Case #1: Samuel Mudd House, MD

I can just imagine what kind of reactions will come from the thermal footage in this episode. Let’s face it: the image looks remarkably like a man with a jacket over his head, running in front of the FLIR camera. Even Jason and Grant point out that it looks exactly like a live human being. Yet, they also say no one was there, because it would have been readily apparent. And they swear that they were alone (not counting the camera crew standing behind them).

Here’s the problem. It would be easy enough to point to the footage of them walking into the yard and note that there was no one visible in the IR footage. Just based on the apparent angles, they should have been visible if they were there. But there’s also no way to prove that the footage of them walking into the yard was filmed at the exact same time that the thermal image was caught. It could easily have been spliced into the segment by the editors after the fact. As I mentioned earlier, this is done all the time for continuity purposes, so comparing the production IR footage to the FLIR footage won’t resolve the matter.

Unfortunately, nothing will, so it all comes down to Jason and Grant’s word. And that’s where all these credibility questions once again come into play. The faithful will accept their word; the critics and naysayers won’t. And as always, I can’t help but suspect that Pilgrim Films is happy to maintain that middle ground, because the controversy helps the ratings.

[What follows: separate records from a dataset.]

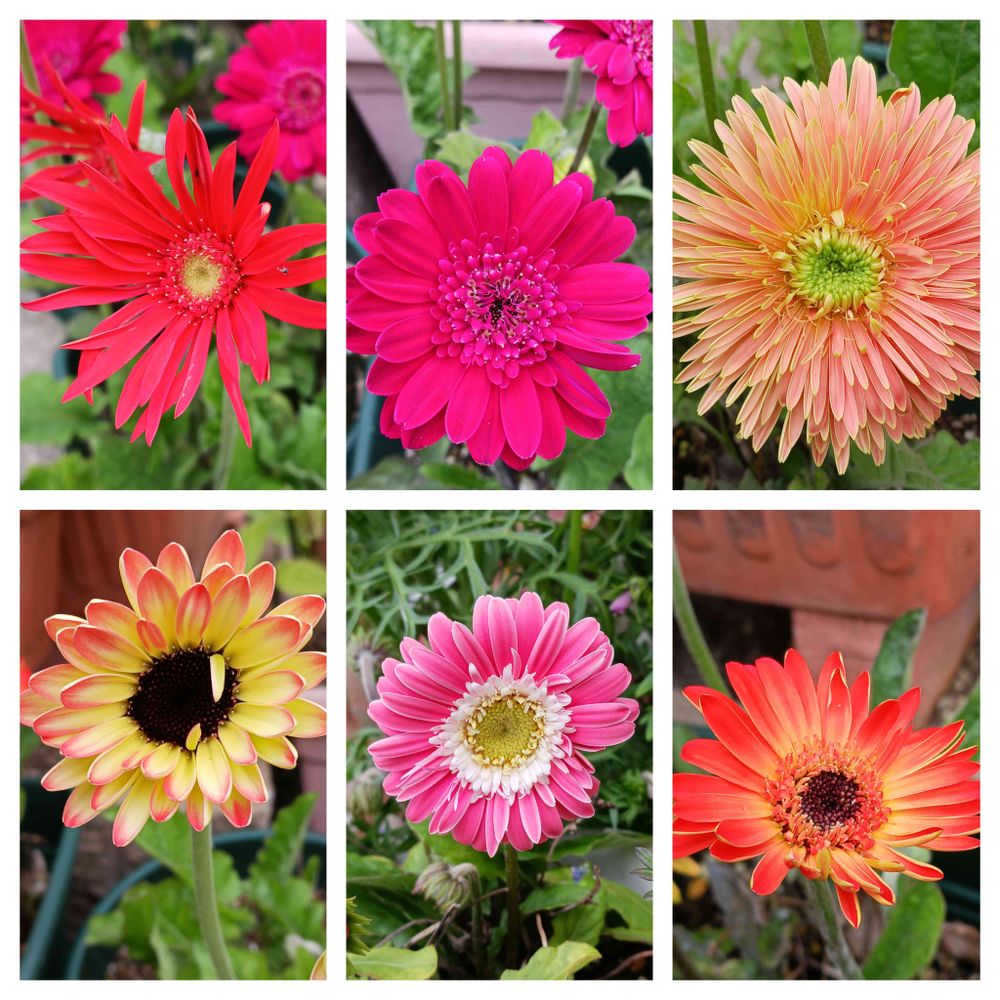 左上の赤くて細めの花弁のが原種だと思われます。昔はガーベラと言えばこれしかなかった(笑)派手ではないせいか?多分園芸店では売られていません。古いお家には有るかも~🧐😆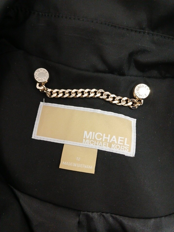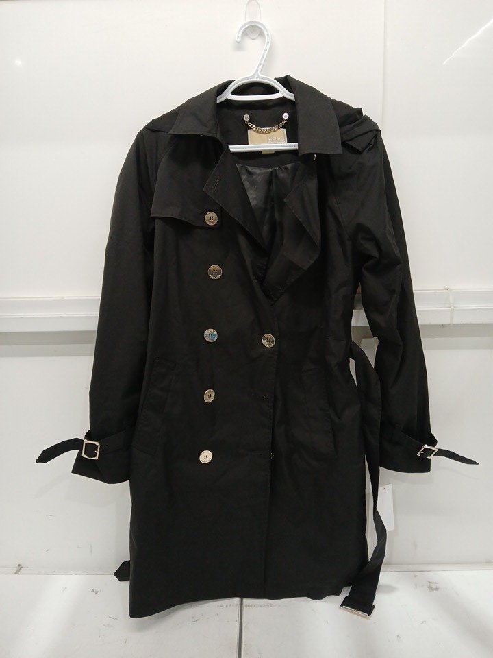 women's michael kors double button trench coat with detachable hood - medium - black (style: M726036T93)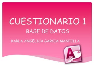 Este documento contiene 10 preguntas sobre cómo utilizar Microsoft Access 2010. Las preguntas cubren temas como cómo cerrar la base de datos, las teclas de acceso rápido para cerrar el programa, las barras que contienen opciones como maximizar y restaurar, las herramientas disponibles en la cinta de opciones, la capacidad de usar Access sin ratón y cómo ocultar la cinta de opciones. También pregunta sobre dónde encontrar las opciones de abrir, cerrar y guardar la base de datos y cómo acceder a la ayuda del programa.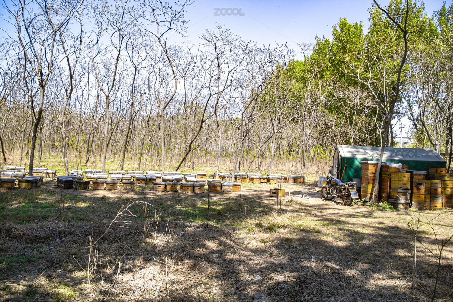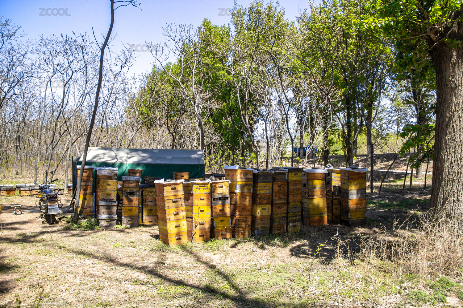樹林空地上的養(yǎng)蜂場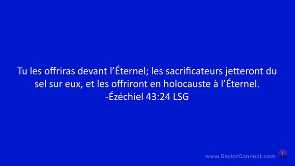 Tu les offriras devant l'Éternel; les sacrificateurs jetteront du sel sur eux, et les offriront en holocauste à l'Éternel. -Ézéchiel 43:24 LSG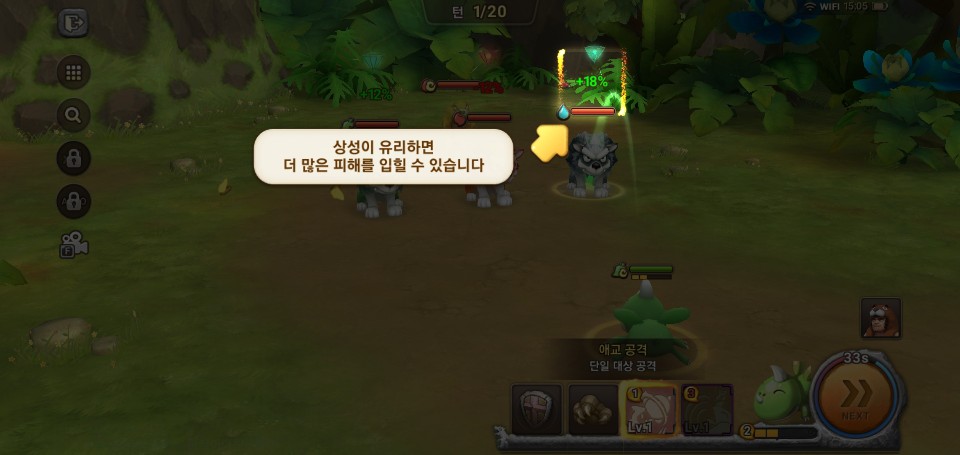 전투에서는 상성에 따라 타깃에게 더 많은 피해를 줄 수 있습니다.

The EVP was, in my opinion, very hard to make out, and while I would agree that they made the necessary disclaimers, it’s obvious where the client was going to take that interpretation and run with it.

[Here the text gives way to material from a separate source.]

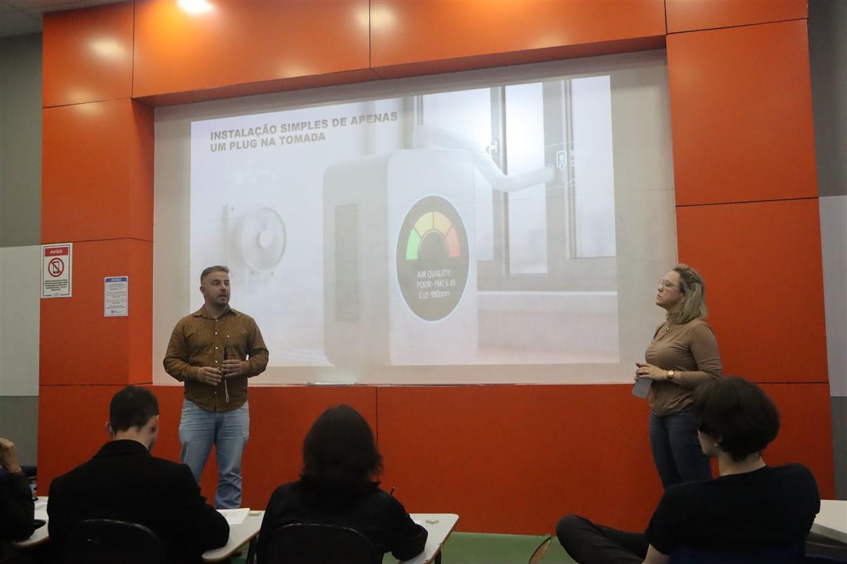 Na última sexta-feira (10), foi realizado mais um Ideathon nas matérias de extensão com o professor Lorenzo Junior. Desta vez, em parceria com a empresa LL Ambiental. A ideia era buscar soluções para a melhoria da qualidade do ar interior de ambientes, pensando nos possíveis impactos na saúde da população. Os alunos foram acompanhados pelo Coordenador do setor de Qualidade do Ar, Eduardo Masetto, e o Engenheiro Civil, Josué.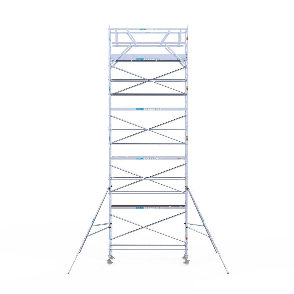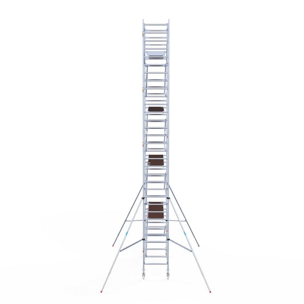 Unsere Rollgerüste sind in verschiedenen Breiten erhältlich, typischerweise 75 cm, 90 cm und 135 cm, abhängig vom jeweiligen Modell und der Produktlinie (semi-professionell oder professionell). Die 75 cm Breite ist ideal für beengte Räume, während 135 cm maximale Arbeitsfläche bietet.

I was also a bit annoyed with the fact that Jason and Grant had so many personal experiences with being touched and seemingly humid, charged spots in the air, yet they didn’t have any equipment to check and verify those changes. Where was the equipment? Say what you will about GHI, but I guarantee Barry would have whipped out a barometer and tri-field meter before you could blink.

Case #2: Edgewood Planation, VA

The EMF readings in this case were a bit more interesting. I’ve run into similar situations before, where an object or space has had an unexpectedly high reading (wooden chairs, tables, etc.). Unfortunately, using a K-II Meter to investigate such a thing is not wise. The manufacturer admits that the device is not calibrated (despite the claims of Chris Fleming and others that it is) and that the readings may not be indicative of the strength of an EMF field. In other words, a low-level field might set off all the lights, while a high-level field might barely register.

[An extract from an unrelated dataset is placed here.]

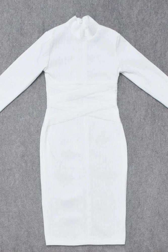 The Jane Long Sleeve Bodycon Midi Dress in White Pearl is perfect for any event with a high neckline, long sleeves, contouring wrap bodice and over knee midi length finish. More on the plus size? Our bodycon dresses range in all sizes, so get that bodycon wardrobe you’ve always wanted, today.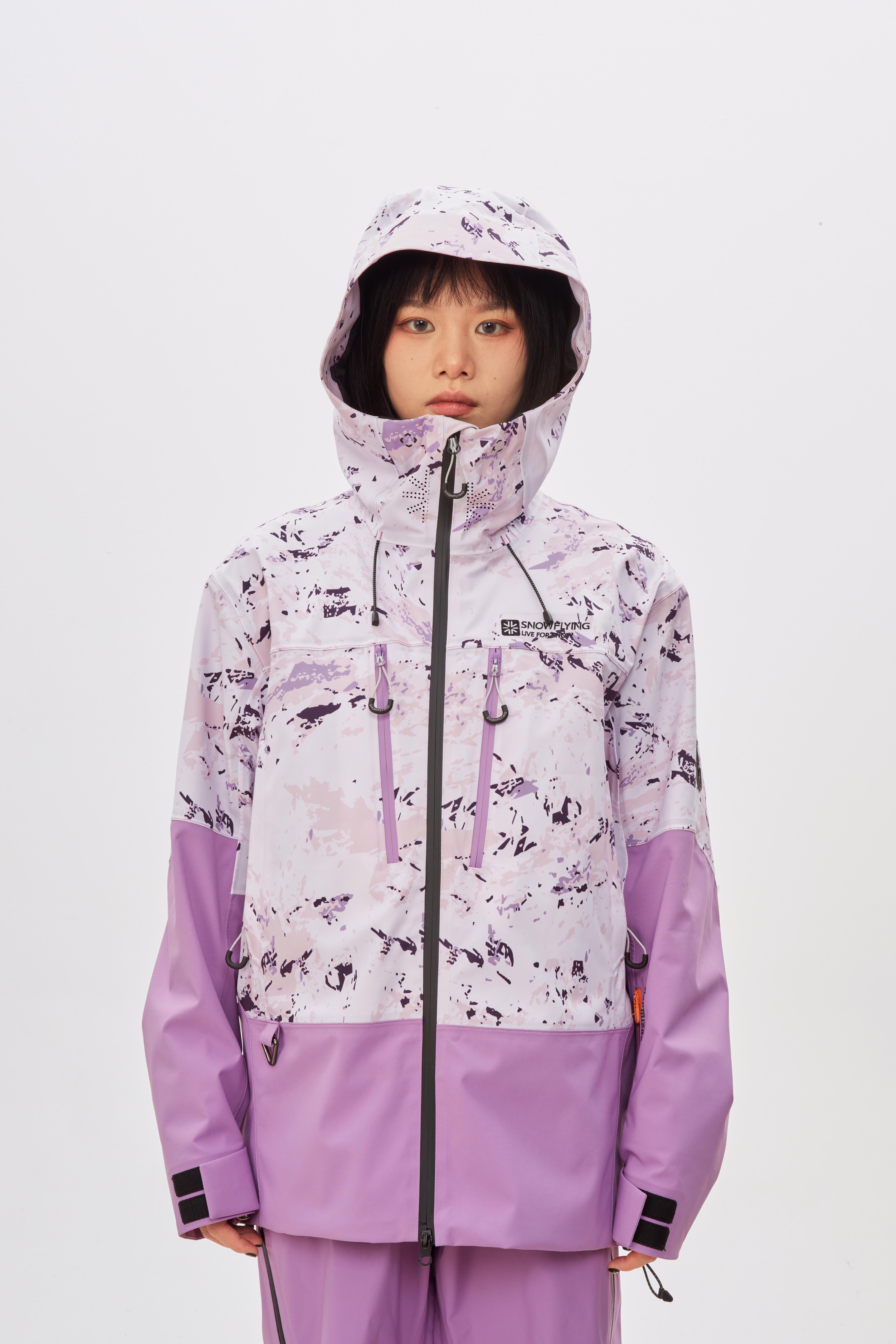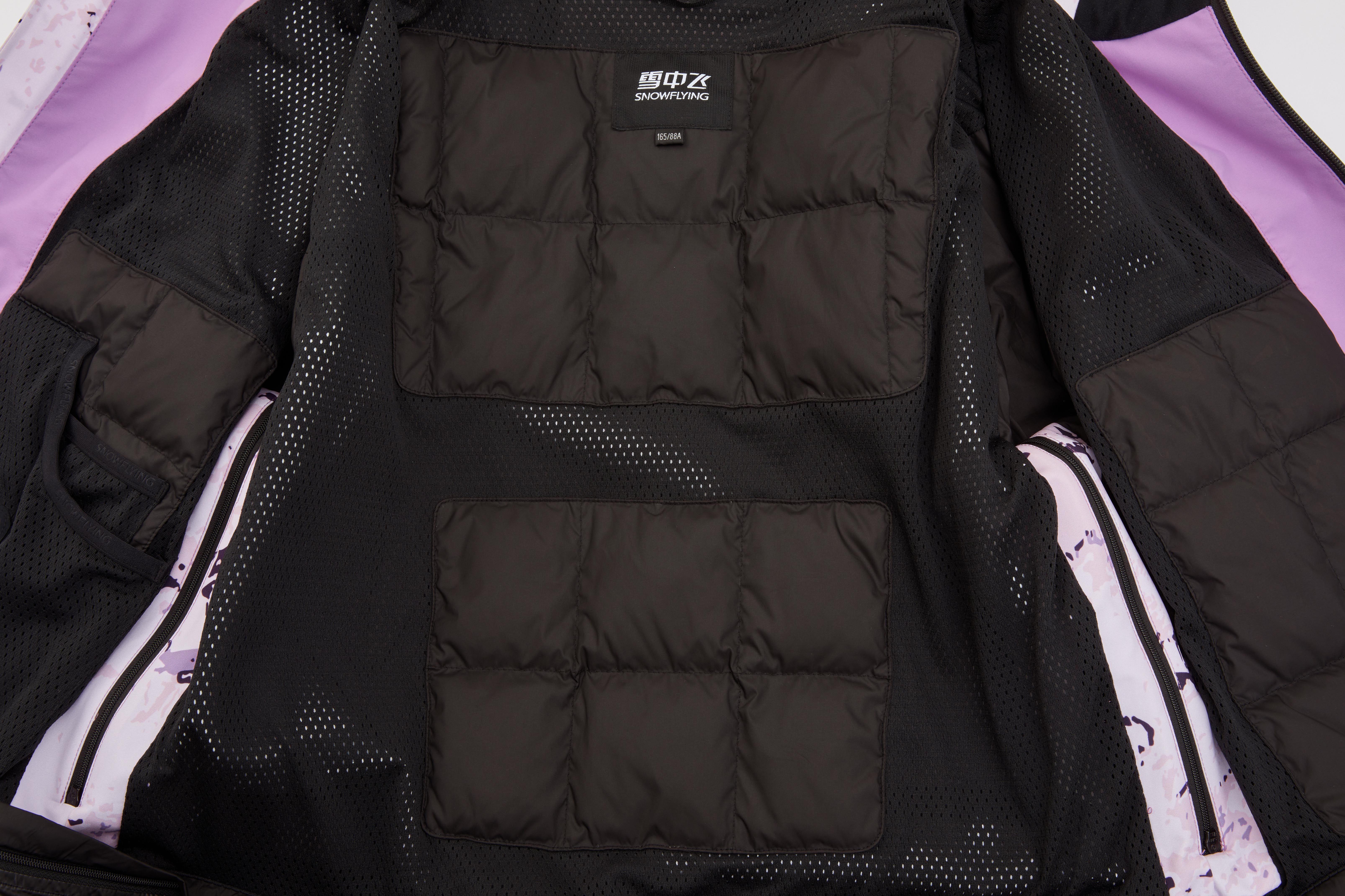 The Swift Arctic-Goose Down Shell features snow-peak patterns and aurora purple color-blocking, inspired by the natural textures of ice and snow. The snow-peak structure is integrated into the ski jacket’s print and overall design, creating a layered and visually striking appearance that remains highly visible in snowy environments for enhanced safety. Its three-dimensional tailored structure aligns precisely with skiing postures, providing ample movement space at key areas like shoulders, elbows, knees, and hips, reducing resistance and shaping a sleek, dynamic silhouette.

I’m also found it unfortunate that Jason and Grant didn’t make the meaning of Kris’ research more clear. It’s one thing to find a name in historical records; it’s another to link that with any confidence to sketchy reported activity. They had no actual “evidence”, after all! I’ll give them the benefit of the doubt and assume this was a matter of client management. I’m not sure the client would have wanted to have her excitement tempered.

So far, the latest segment of the season seems to be delving back into areas that I’ve never enjoyed. I think they’ve become far too reliant on a few select pieces of equipment, and it shows. They seemed to be on the right track earlier in the season, so I’m not sure why they would take such a disappointing step backwards.